» **Task item**
Transcription, pictures excluded: write out the data below exactly.

» **Supplied material**
□ □ □

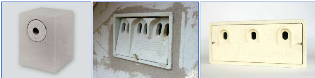
Abb. 11 bis 13 Beispiele für geeignete Ersatzlebensstätten zum Einbau in Gebäuden

Beispielsweise können spezielle Fassadenkästen oder Einbausteine integriert werden. Geeignet sind beispielsweise der Nist- und Einbaustein Typ 24 (Abb. 11) oder die Sperlingskoloniehäuser der Firma Schwegler und Hasselfeldt (Abb. 12 und 13). Eine farbliche Anpassung der Kästen bzw. ein Verputzen ist möglich.
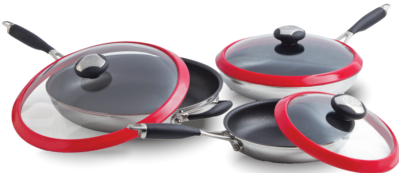
Royal Prestige® Deluxe Easy Release Skillet Set

□ □ □

» **Response area**
Abb. 11 bis 13 Beispiele für geeignete Ersatzlebensstätten zum Einbau in Gebäuden

Beispielsweise können spezielle Fassadenkästen oder Einbausteine integriert werden. Geeignet sind beispielsweise der Nist- und Einbaustein Typ 24 (Abb. 11) oder die Sperlingskoloniehäuser der Firma Schwegler und Hasselfeldt (Abb. 12 und 13). Eine farbliche Anpassung der Kästen bzw. ein Verputzen ist möglich.
Royal Prestige® Deluxe Easy Release Skillet Set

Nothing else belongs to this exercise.